Ⅳ記憶―見えなかった傷、見えた光/彼に届くまでの手紙たち
というのは、私のただの思い込みだったらしいと気づいたのは最近だ。
透明な私に光が反射して傷か見えなくなっているだけにすぎなかった。
私は親より10歳上の友人がいる。その人との関係性の中でできた深い傷が私の中にあるのを確かめた時、傷を癒すために必要なものが目から流れた。口に入ってきたそれはしょっぱかった。
家の近くの田んぼの土手に赤い彼岸花が咲き始めていた。
「華梨ちゃん、もう授業終わったの?」「うん。今日は昼までだったの。ねえおばさん、今日も家に荷物を置いたら遊びに行ってもいい?」「…お母さんがいいって言ったらおいで。」おばさんは笑った。

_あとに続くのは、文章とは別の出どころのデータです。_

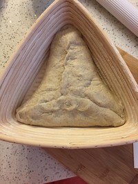 整形成三角面团放入发酵篮,我的发酵篮大了一号(o^^o)(大家也可以整形成其他形状啦)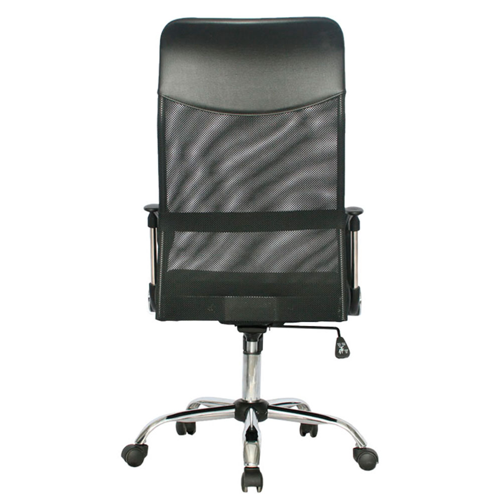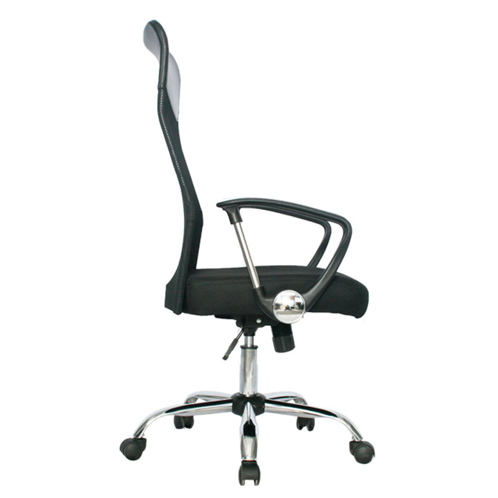 El mecanismo basculante libera movimiento flexible, mientras el espaldar fijo en malla antitranspirante de alta resistencia y asiento en malla promueven ventilación constante y confort prolongado. Brazos fijos en polipropileno con estructura cromada aportan firmeza y elegancia. Ideal como silla presidencial para oficinas que buscan sillas ergonómicas con malla transpirable, basculante simple, base cromada, brazos fijos premium y profesionalismo en negro puro.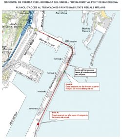 Els mitjans interessats a cobrir l’arribada de l’embarcació, s’hauran de dirigir a les 9.30 hores al Trencaones del Port (Passeig Gabriel Roca, s/n) on hi haurà habilitat el dispositiu de premsa. Segons les indicacions del mapa que adjuntem, hi haurà dos punts on els mitjans tindran accés: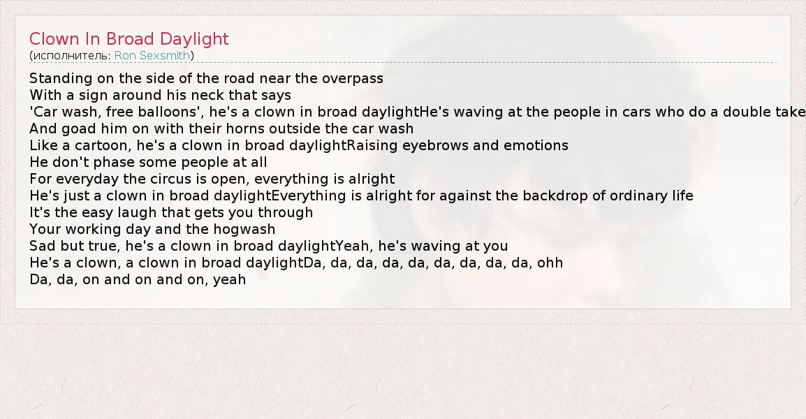 А как ты думаешь, о чем песня "Clown In Broad Daylight" ?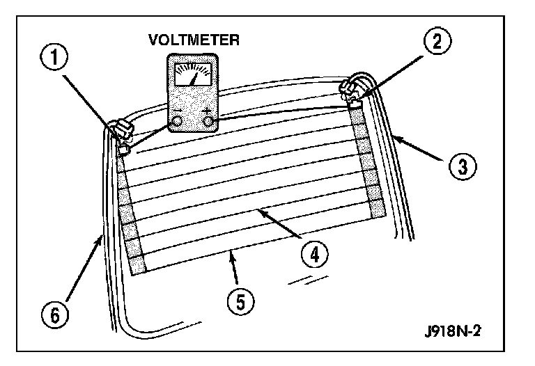 3. If a temperature difference is not detected, use a 12-volt DC voltmeter and contact the rear glass heating grid terminal A (1) with the negative lead, and terminal B (2) with the positive lead. The voltmeter should read battery voltage. If the voltmeter does not read battery voltage, check the following: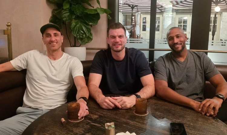 4月9日讯 今天,马刺名宿马努·吉诺比利晒出了自己和前队友斯普利特、迪奥的合照。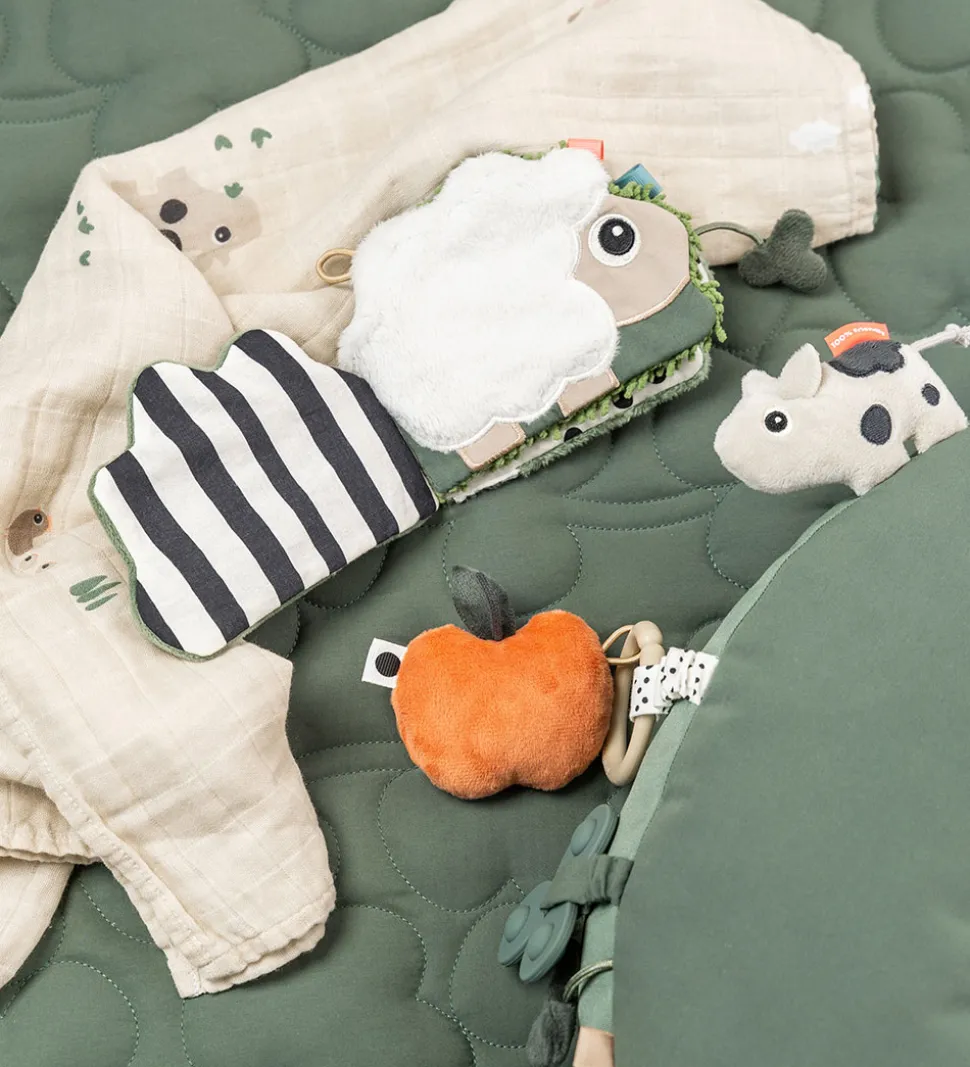 Done by Deer stofbogen har tre bløde sider med knitrepapir, forskellige teksturer af tekstil og nulreelementer, der alt sammen stimulerer barnets sanser.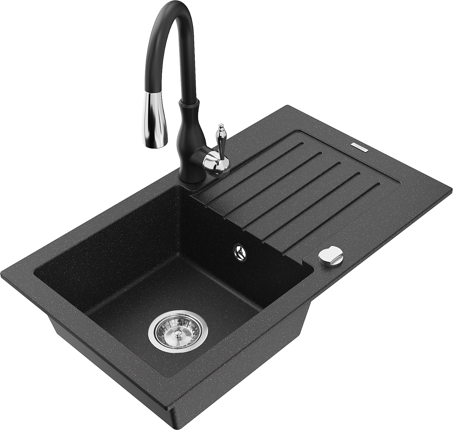 Mexen Pablo гранитна кухненска мивка с една камера с отцедник и смесител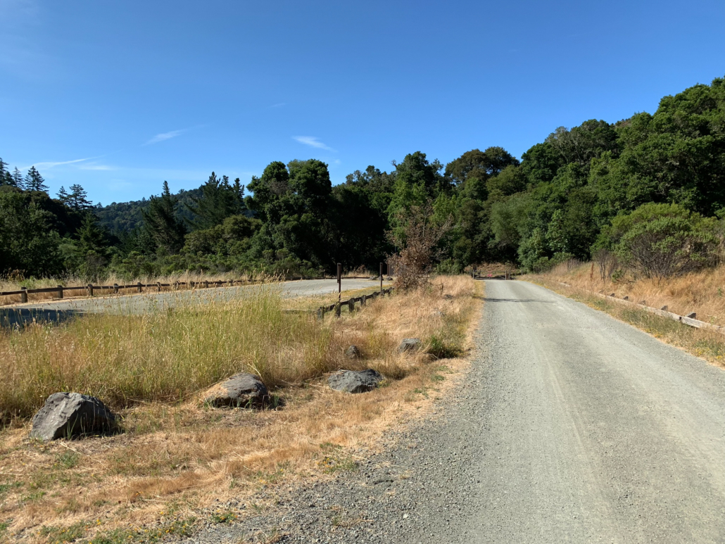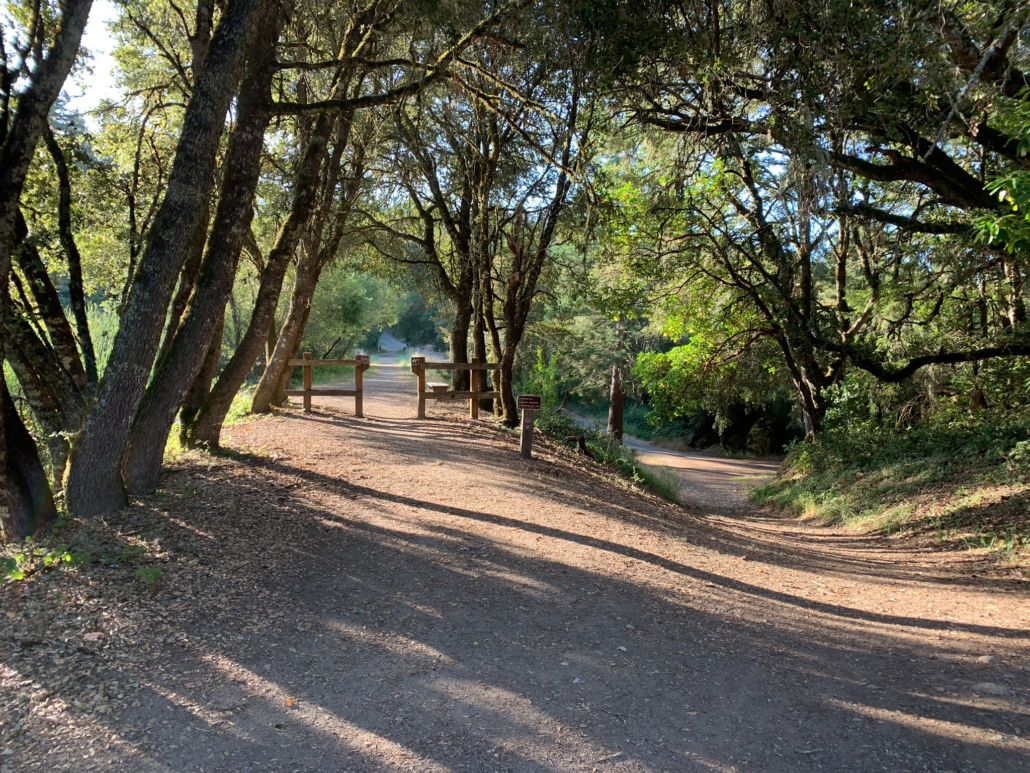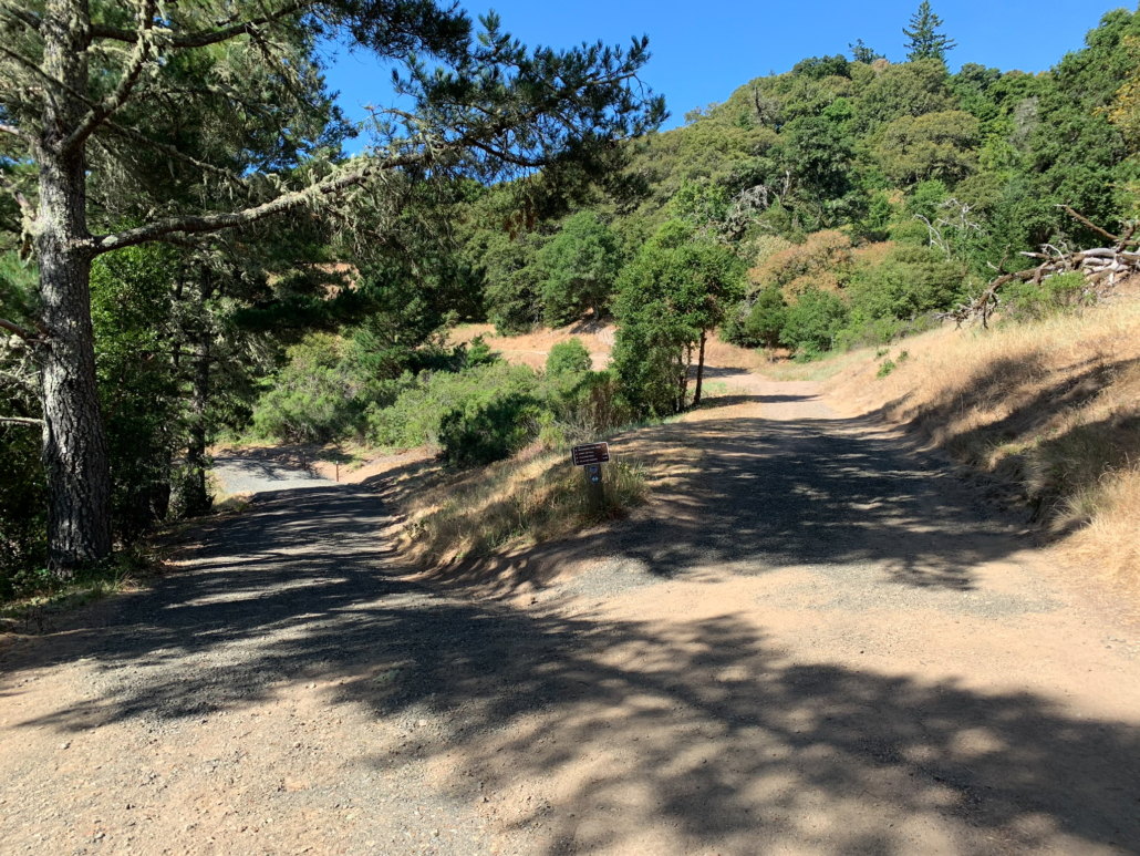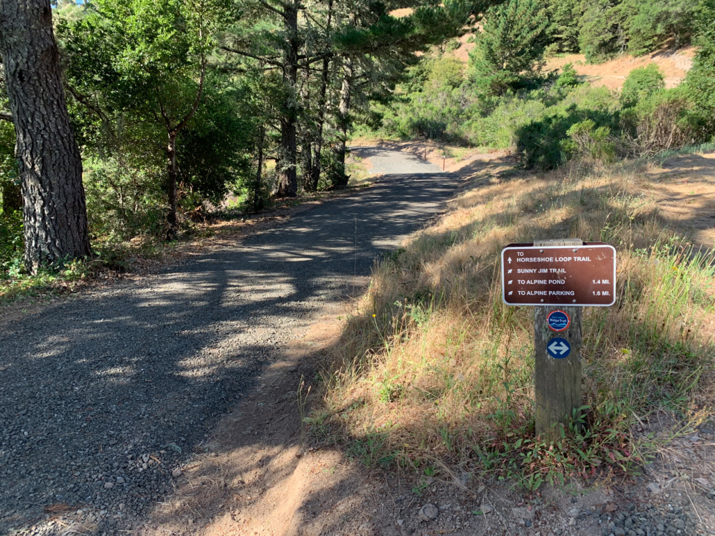 When ready, retrace your steps to the Alpine Pond Trail, where you have a pretty view of the Nature Center. Just beyond this viewpoint, stay straight past a restroom onto a gravel road. This road is the Sunny Jim Trail, named after James Rolph, Jr., a former San Francisco Mayor (1912-1931) and California Governor (1931-1934) who owned land here before John Rickey. His nickname, “Sunny,” was given to him because of his trademark happy character.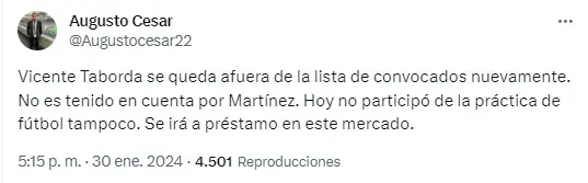A 48 hs. del partido, el DT Xeneize Diego Martínez dió la lista de convocados para enfrentar a Sarmiento y una ausencia llamó la atención: Vicente Taborda se volvió a quedar afuera de los citados.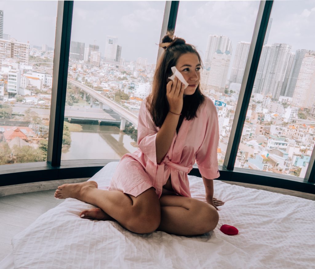 O właśnie, jeśli przy odpoczynku jesteśmy – zabrałam w podróż kilka maseczek w płachcie, ale jak dotąd użyłam tylko jednej! Powinnam się poprawić 🙂 Oprócz tego w mojej kosmetyczce znalazło się miejsce na hydrożelowe płatki pod oczy. Kojące szczególnie po pracy przed komputerem. Niestety nie jestem w Azji na wakacjach – trochę pracuję zdalnie.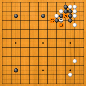白△とアテたところです。次の一手を、A~Cの選択肢の中から示してください。 |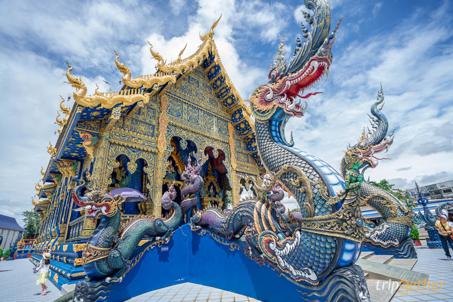 วัดร่องเสือเต้น วัดสวยและมีชื่อเสียงของจังหวัดเชียงราย ที่ไม่อยากให้ทุกคนพลาดไปสักการะ เพราะที่นี่โดดเด่นด้วยวิหารสีน้ำเงินตัดกับสีทองที่มีความสวยงามแปลกตาด้วยศิลปะประยุกต์ที่เป็นเอกลักษณ์เฉพาะของ สล่านก ศิลปินท้องถิ่นชาวเชียงราย ที่เคยเป็นลูกศิษย์ของอาจารย์เฉลิมชัย โดยศิลปะส่วนหนึ่งมีความคล้ายกับผลงานของอาจารย์เฉลิมชัย และอาจารย์ถวัลย์ โดยเฉพาะพระวิหารตั้งแต่ผลงานประติมากรรมพญานาคที่ใช้เฉดสีเดียวกันนั้นมีความชดช้อย และลวดลายแตกต่างจากประติมากรรมทั่วไปอย่างเห็นได้ชัด บอกเลยว่าวัดร่องเสือเต้นสวยงามจนเกินกว่าจะบรรยายได้หมด ใครเป็นสายบุญต้องมาชมด้วยตาตัวเองสักครั้ง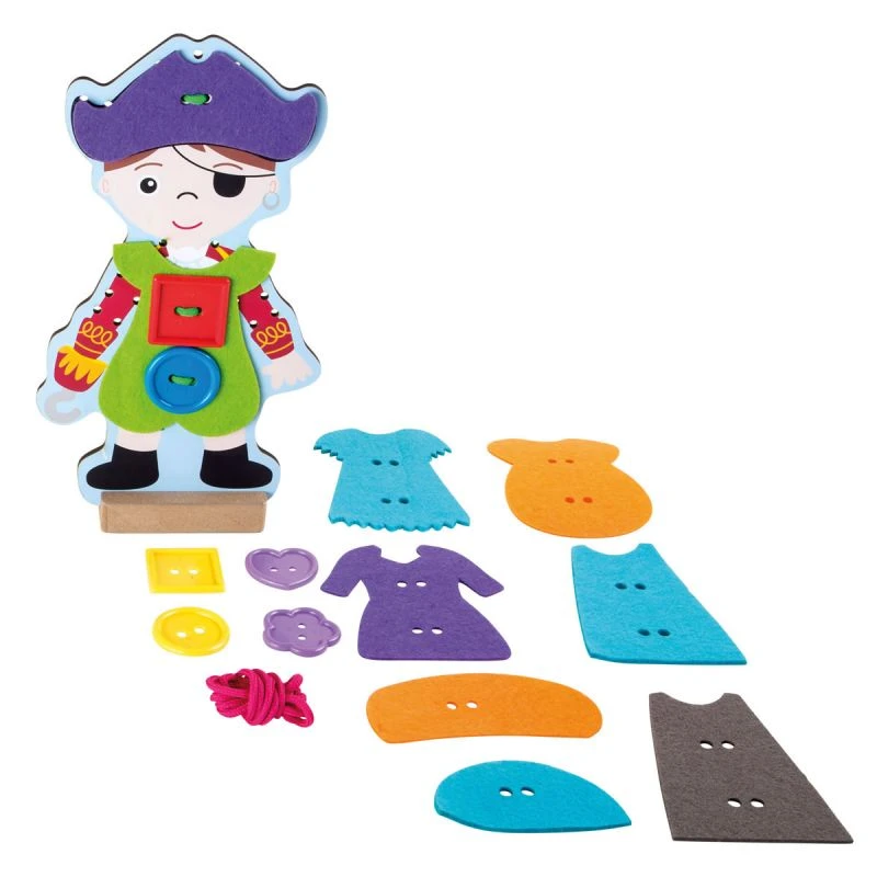 Dans ce jeu de laçage il s’agira d’habiller ce petit pirate en bois. Pour cela les enfants devront faire preuve de dextérité pour enfiler les habits de feutrine.sur le pirate. Un socle permet de maintenir le pirate debout pour l’admirer.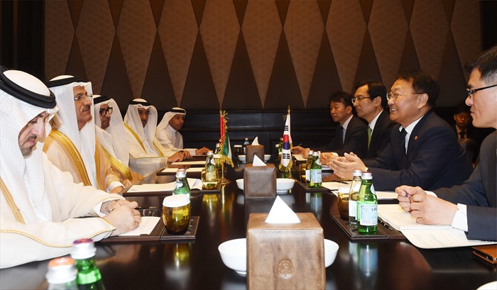 (서울=포커스뉴스) 유일호 부총리 겸 기획재정부 장관이 30일(현지시간) UAE 아부다비 St.REGIS호텔에서 열린 '제5차 한-UAE 경제공동위'에 참석, 회의시작에 앞서 수석대표인 알 만수리 경제부 장관과 사전면담을 하고 있다. <사진제공=기획재정부>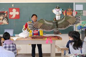 「たこづくり」では、田中光夫さんの指導の下、たこのデザインとなる絵をそれぞれ紙に描き、オリジナルのたこを作り、実際に空に飛ばしてみました。自分の思いと平和の願いを込めて、たこあげを楽しみました。

小学生の頃から近所のおばさんの家に行ってはおしゃべりをしていた。私はおばさんと話すのが好きだった。
「華梨ちゃんは、将来どんな人になりたいの?」
「大工さんとか。絵描きさんとかかな〜?」
キッチンで紅茶を赤いとんぼが何匹も描かれた綺麗なカップに注ぎながら、ぼーっと空を眺めている私におばさんは聞いてくれた。
「そっか、華梨ちゃんは何かをすることと、何かになることって何が違うと思う?」
「……難しい、どういうこと〜?」
「What’ll want to be? とWhat’ll want to do ?の違いは習ったかな?」
「授業で、Be動詞は持続的で、Do動詞は一時的な動作のことを言うって先生が言ってた」
「そうそう」
私は、なんとなくおばさんが私に聞こうとしていたことが何なのかわかった気がした。
少し考えて私は、「人を喜ばせられる人になりたい。」と言った。
「そっか、素敵だね」
おばさんが言った。嬉しかった。
私とおばさんは似ていた。
おばさんはいつでも自然に素敵な言葉で自分の考えを伝えられる人だった。私の憧れであり、心の底から嫌われたくない唯一の人だった。
今になって、あの頃の私は自分の考えをおばさんのような素敵な言葉で伝えようとしていたというよりかは、おばさんにとって心地の良い人間になろうとしていたのだということに気づいた。